On January 25, 1981, thousands of Hudson Valley residents gathered outside the gates of Stewart Airport to welcome home 52 Americans who had been held hostage in Iran. Their captivity had begun on November 4, 1979 when Iranian students stormed the U.S. Embassy. It ended 444 days later on January 20, 1981, just moments after Ronald Reagan was sworn in as the 40th President of the United States.

After a stopover at a military hospital in West Germany, they were welcomed as heroes in Newburgh. Thousands lined the gates along Route 17K on that Super Bowl Sunday to watch their Air Force jet touch down on American soil. From there, the former hostages boarded buses bound for the Hotel Thayer at West Point, with cheering, flag-waving throngs of people lining the route which would be re-christened Freedom Road in their honor. Just days into the new Reagan administration, it was a time of unabashed patriotism and American unity.

For many reasons, that seems like a lifetime ago.

We don’t need to go back 40 years in time to find a more unified America. Four years is enough.

The America that Joe Biden inherits this week - ravaged by the worst pandemic in modern times - is more divided than any time since the Civil War. That’s when Americans had reason to fear the specter of the nation’s Capitol being stormed by an armed mob waving Confederate flags. Lincoln’s worst fear became Trump’s reality - an image that left Americans shaken and America’s allies and adversaries alike wondering if we’ve seen the decline of American Democracy.

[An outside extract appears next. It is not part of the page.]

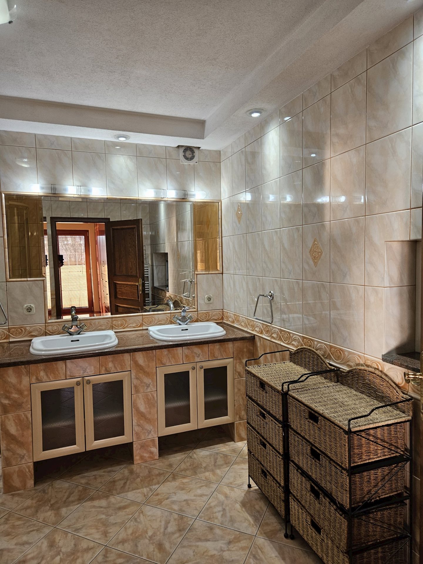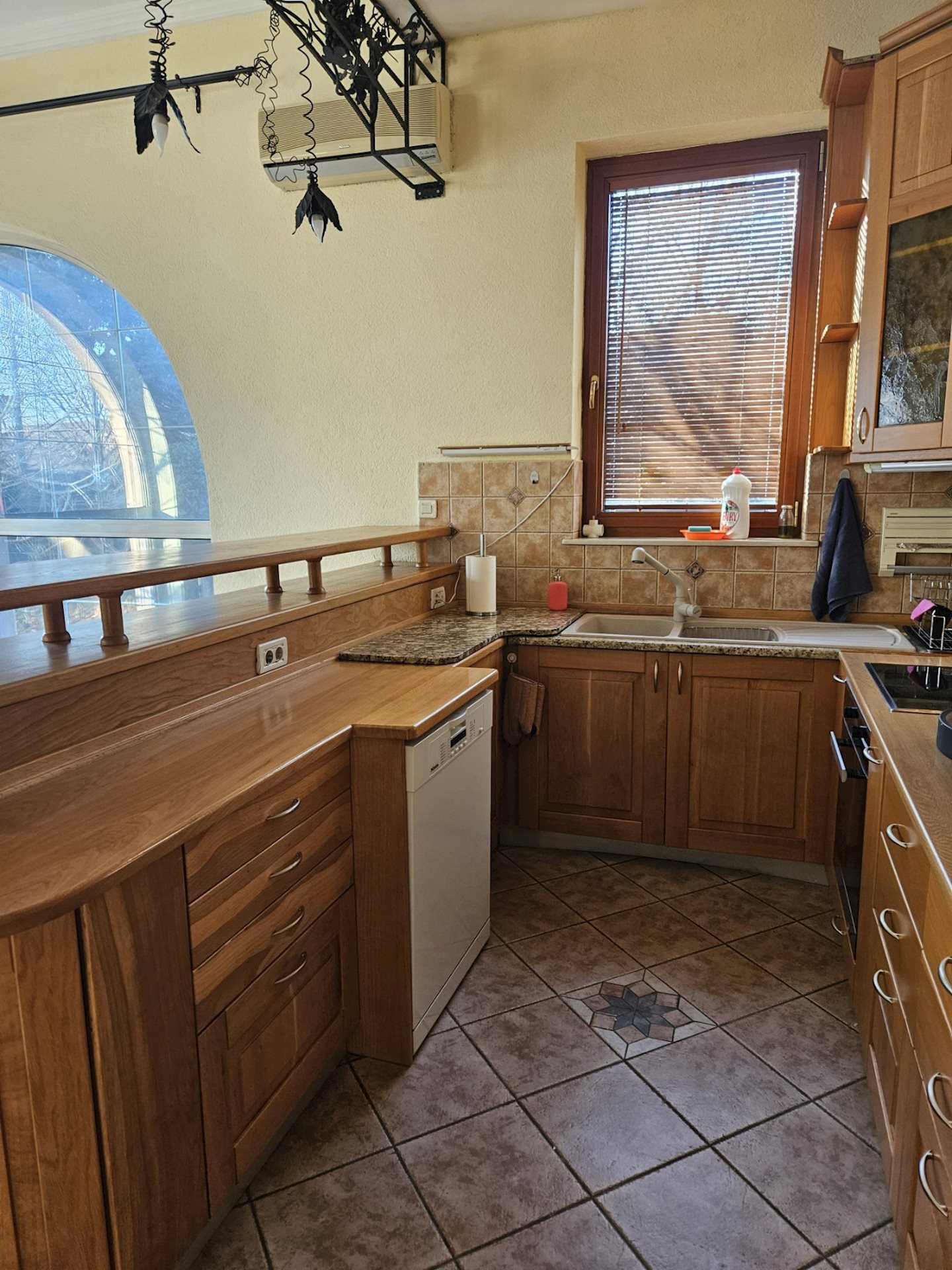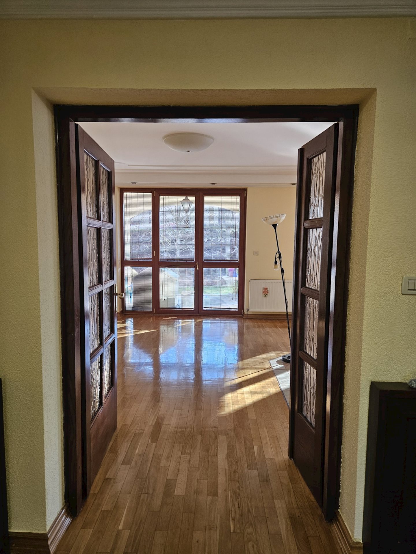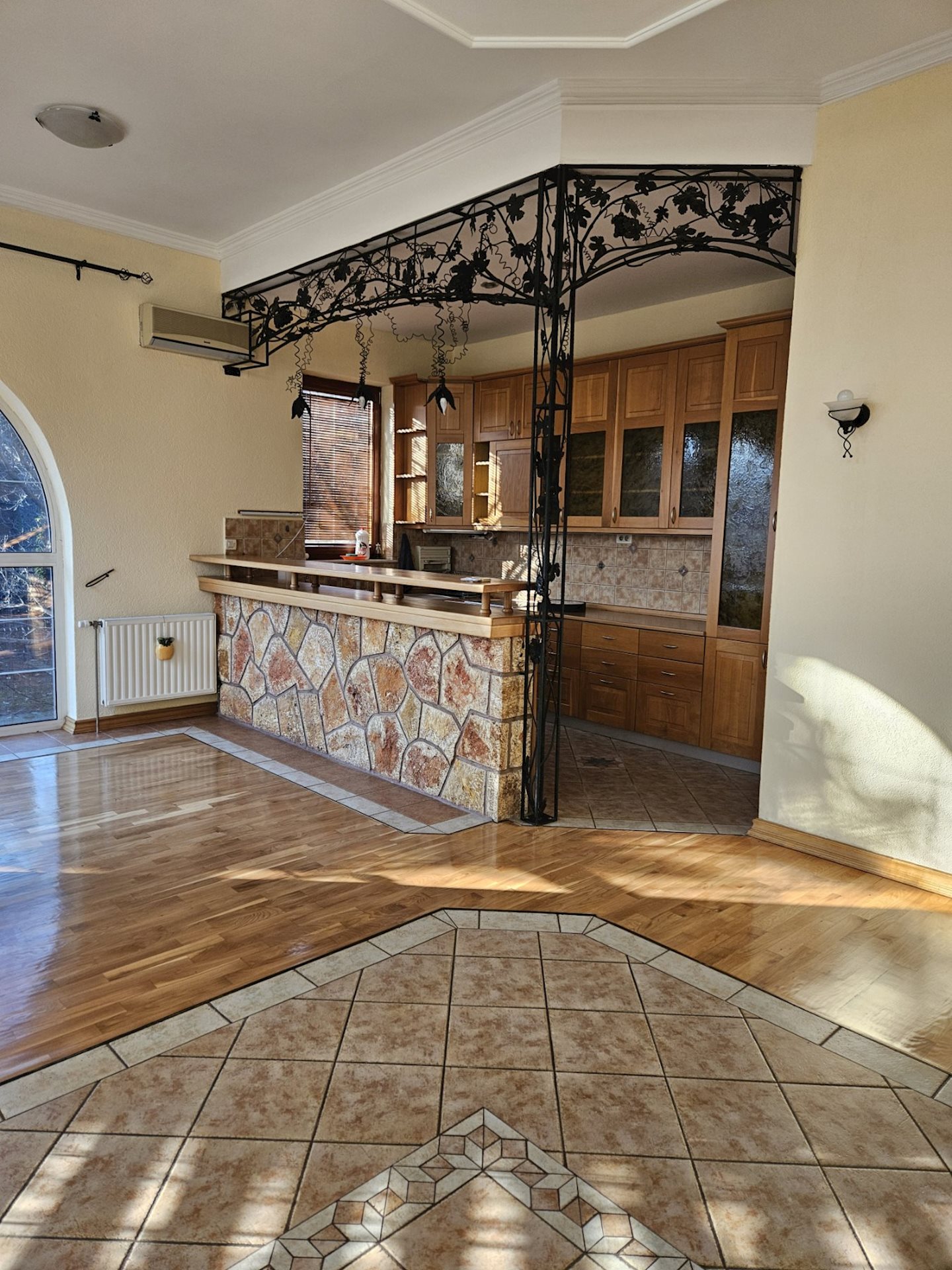 Се продава или издава одлична куќа во близина на црквата во Бардовци. Куќата има бруто внатрешна површуна од 580м2, на убаво уреден плац со квадратура од 1500м2. Целата куќа е разиграна на неколку нивоа и истата се состои од влезен ходник, голем дневен салон со камин, кујна и трпезариски дел со излез во интимен и зелен двор, на катовите погоре има уште 5 спални соби, сите со свои тоалети и балкони а најгоре има пространо подкровје. Во склоп на приземјето има внатрешен базен (7,60м х 3,70м), со сауна и тоалет, кој со големи лизгачки врати се отвора према дворот. Куќата има подрумски простории со една голема соба за фитнес, една техничка соба и гаража со полици за складирање ствари. Има и надворешно покриено паркинг место за две поголеми возила. Дворот е ограден со кованица, хортукултурно е среден и има систем за наводнување, фонтана и газебо со голема маса, фурна со скара и чешма. Куќата има соларни панели со централен бољер за загревање на водата. Загревањето на куќата е решено на два начини: со Buderus систем за греење на нафта и со друг независен, понов и поекономичен систем со топлотни пумпи Daykin. Низ целото приземје, дневниот салон, кујната, трпезарискиот дел како и низ подот каде што е базенот има инсталирано подно греење. Во куќата останува кујната со вградени елементи, како и повеќе вградени плакари низ целата куќа.

The task that awaits our 46th President is monumental. It begins with restoring our collective health: a safe and structured distribution of the vaccine that will kill off the deadly virus, and assistance for all the families and businesses that have struggled during this pandemic. Only then can we open up again, rebuild our economy and restore the civility of a simpler and better time.

It’s a long journey. We all need to be on board for the ride.